START GIVEN DATA

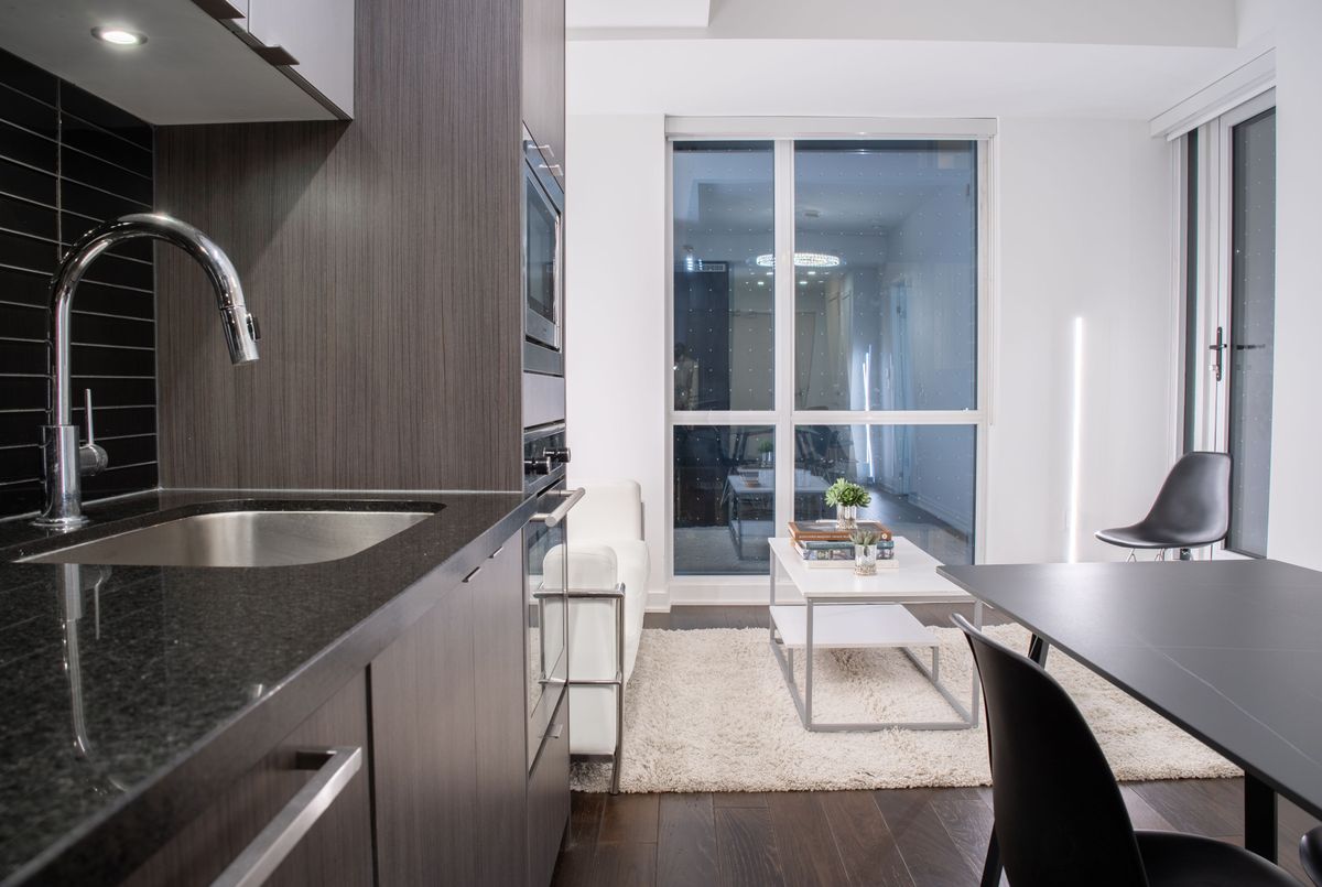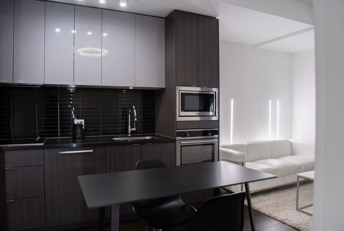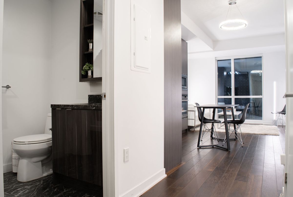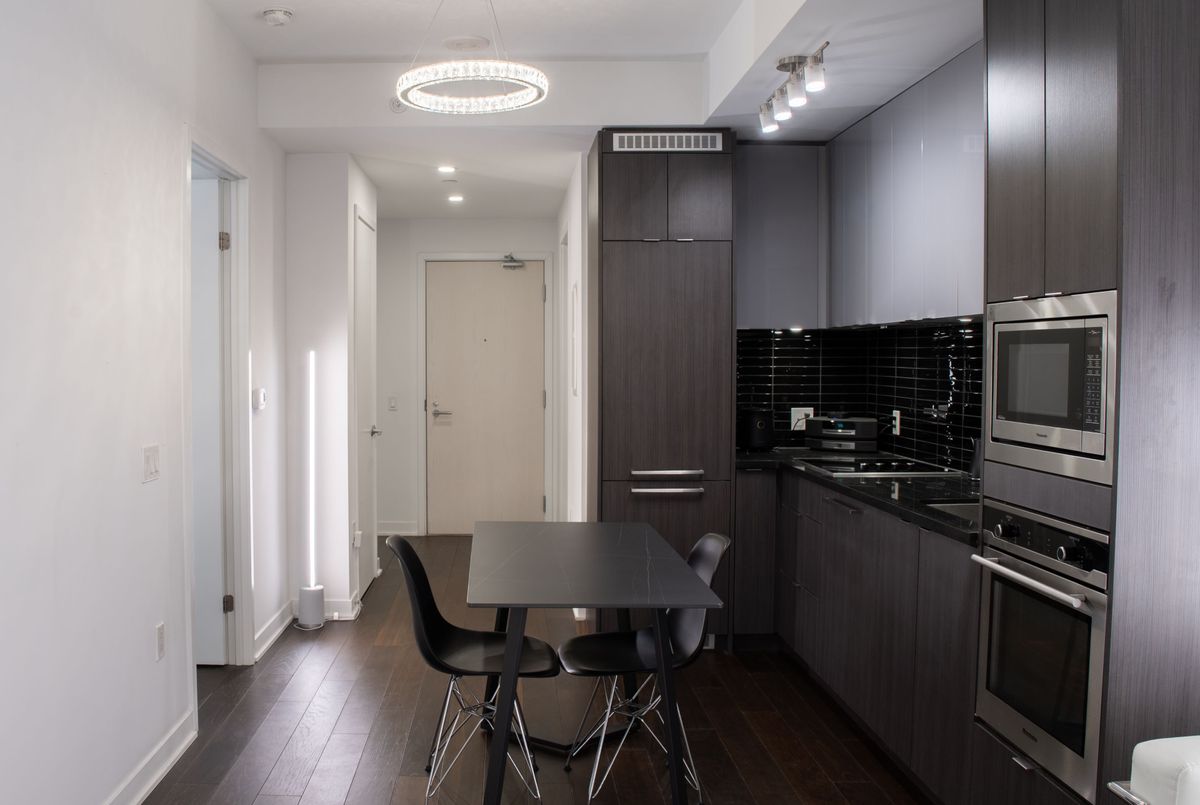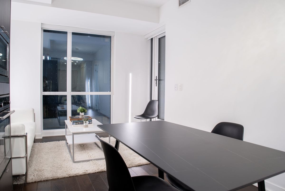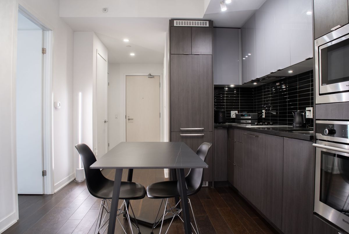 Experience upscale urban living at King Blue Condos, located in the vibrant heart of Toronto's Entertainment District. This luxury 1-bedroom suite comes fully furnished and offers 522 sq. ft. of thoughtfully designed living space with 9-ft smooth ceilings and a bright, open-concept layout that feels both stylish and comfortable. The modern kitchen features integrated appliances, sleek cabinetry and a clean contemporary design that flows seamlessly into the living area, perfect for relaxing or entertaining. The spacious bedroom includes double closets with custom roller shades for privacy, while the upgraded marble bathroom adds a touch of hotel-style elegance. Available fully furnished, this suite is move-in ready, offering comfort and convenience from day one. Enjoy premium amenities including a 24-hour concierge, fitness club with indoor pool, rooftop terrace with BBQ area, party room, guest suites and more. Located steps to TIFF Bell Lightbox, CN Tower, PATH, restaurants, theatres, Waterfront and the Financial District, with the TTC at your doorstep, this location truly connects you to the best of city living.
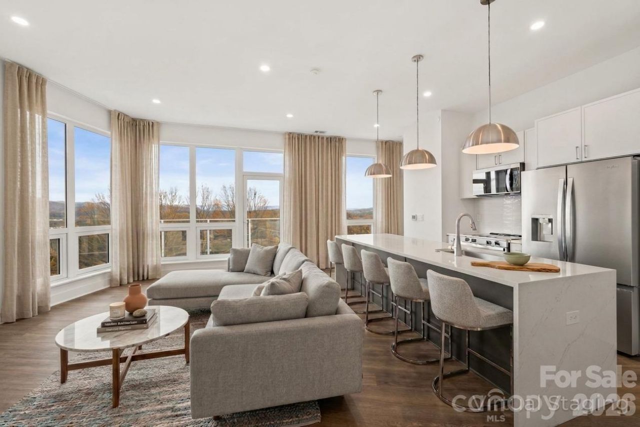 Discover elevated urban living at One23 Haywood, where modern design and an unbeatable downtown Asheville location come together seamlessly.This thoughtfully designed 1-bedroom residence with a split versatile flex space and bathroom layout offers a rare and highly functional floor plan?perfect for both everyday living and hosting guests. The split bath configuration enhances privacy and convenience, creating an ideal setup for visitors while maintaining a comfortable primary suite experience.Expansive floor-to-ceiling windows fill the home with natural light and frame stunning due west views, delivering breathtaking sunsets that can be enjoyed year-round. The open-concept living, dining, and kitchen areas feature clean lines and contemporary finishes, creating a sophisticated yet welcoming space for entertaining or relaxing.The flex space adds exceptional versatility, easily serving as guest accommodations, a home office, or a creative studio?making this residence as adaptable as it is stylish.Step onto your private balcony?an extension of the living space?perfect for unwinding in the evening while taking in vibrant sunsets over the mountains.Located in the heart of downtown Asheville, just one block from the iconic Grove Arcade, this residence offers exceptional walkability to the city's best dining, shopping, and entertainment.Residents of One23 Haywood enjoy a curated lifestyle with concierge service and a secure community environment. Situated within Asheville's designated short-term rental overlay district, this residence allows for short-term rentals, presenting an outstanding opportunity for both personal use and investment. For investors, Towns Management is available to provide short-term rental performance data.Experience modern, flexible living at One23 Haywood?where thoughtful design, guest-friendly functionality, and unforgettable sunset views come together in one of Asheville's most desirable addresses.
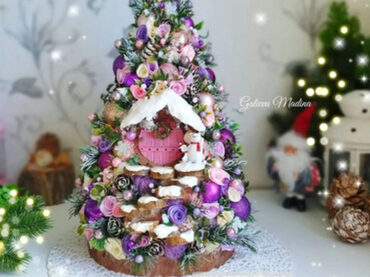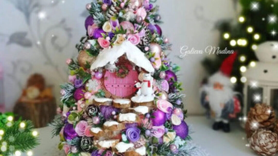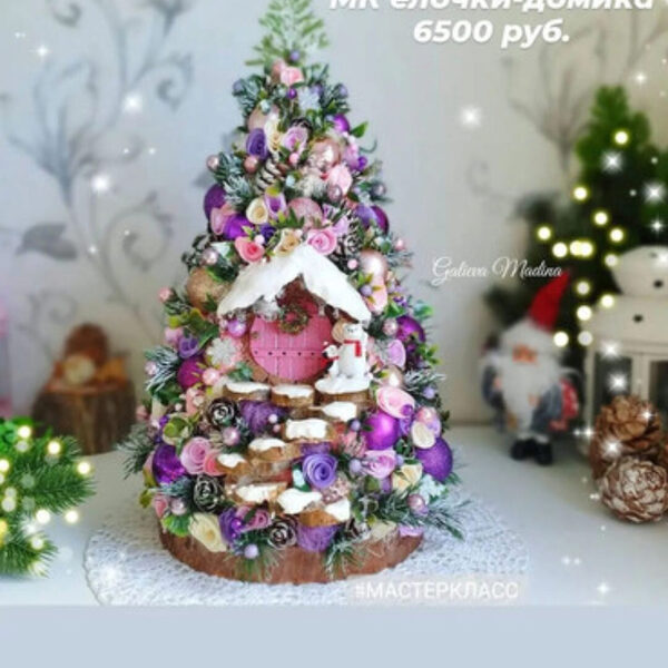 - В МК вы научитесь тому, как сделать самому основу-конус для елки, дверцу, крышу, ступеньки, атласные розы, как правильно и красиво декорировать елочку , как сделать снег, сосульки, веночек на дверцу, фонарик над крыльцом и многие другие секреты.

END GIVEN DATA

▶ _AIM OF THE EXERCISE_
Copy the listing above in full and exactly, but omit each picture that it holds.

▶ _EXERCISE RESPONSE_
 Experience upscale urban living at King Blue Condos, located in the vibrant heart of Toronto's Entertainment District. This luxury 1-bedroom suite comes fully furnished and offers 522 sq. ft. of thoughtfully designed living space with 9-ft smooth ceilings and a bright, open-concept layout that feels both stylish and comfortable. The modern kitchen features integrated appliances, sleek cabinetry and a clean contemporary design that flows seamlessly into the living area, perfect for relaxing or entertaining. The spacious bedroom includes double closets with custom roller shades for privacy, while the upgraded marble bathroom adds a touch of hotel-style elegance. Available fully furnished, this suite is move-in ready, offering comfort and convenience from day one. Enjoy premium amenities including a 24-hour concierge, fitness club with indoor pool, rooftop terrace with BBQ area, party room, guest suites and more. Located steps to TIFF Bell Lightbox, CN Tower, PATH, restaurants, theatres, Waterfront and the Financial District, with the TTC at your doorstep, this location truly connects you to the best of city living.
 Discover elevated urban living at One23 Haywood, where modern design and an unbeatable downtown Asheville location come together seamlessly.This thoughtfully designed 1-bedroom residence with a split versatile flex space and bathroom layout offers a rare and highly functional floor plan?perfect for both everyday living and hosting guests. The split bath configuration enhances privacy and convenience, creating an ideal setup for visitors while maintaining a comfortable primary suite experience.Expansive floor-to-ceiling windows fill the home with natural light and frame stunning due west views, delivering breathtaking sunsets that can be enjoyed year-round. The open-concept living, dining, and kitchen areas feature clean lines and contemporary finishes, creating a sophisticated yet welcoming space for entertaining or relaxing.The flex space adds exceptional versatility, easily serving as guest accommodations, a home office, or a creative studio?making this residence as adaptable as it is stylish.Step onto your private balcony?an extension of the living space?perfect for unwinding in the evening while taking in vibrant sunsets over the mountains.Located in the heart of downtown Asheville, just one block from the iconic Grove Arcade, this residence offers exceptional walkability to the city's best dining, shopping, and entertainment.Residents of One23 Haywood enjoy a curated lifestyle with concierge service and a secure community environment. Situated within Asheville's designated short-term rental overlay district, this residence allows for short-term rentals, presenting an outstanding opportunity for both personal use and investment. For investors, Towns Management is available to provide short-term rental performance data.Experience modern, flexible living at One23 Haywood?where thoughtful design, guest-friendly functionality, and unforgettable sunset views come together in one of Asheville's most desirable addresses.
 - В МК вы научитесь тому, как сделать самому основу-конус для елки, дверцу, крышу, ступеньки, атласные розы, как правильно и красиво декорировать елочку , как сделать снег, сосульки, веночек на дверцу, фонарик над крыльцом и многие другие секреты.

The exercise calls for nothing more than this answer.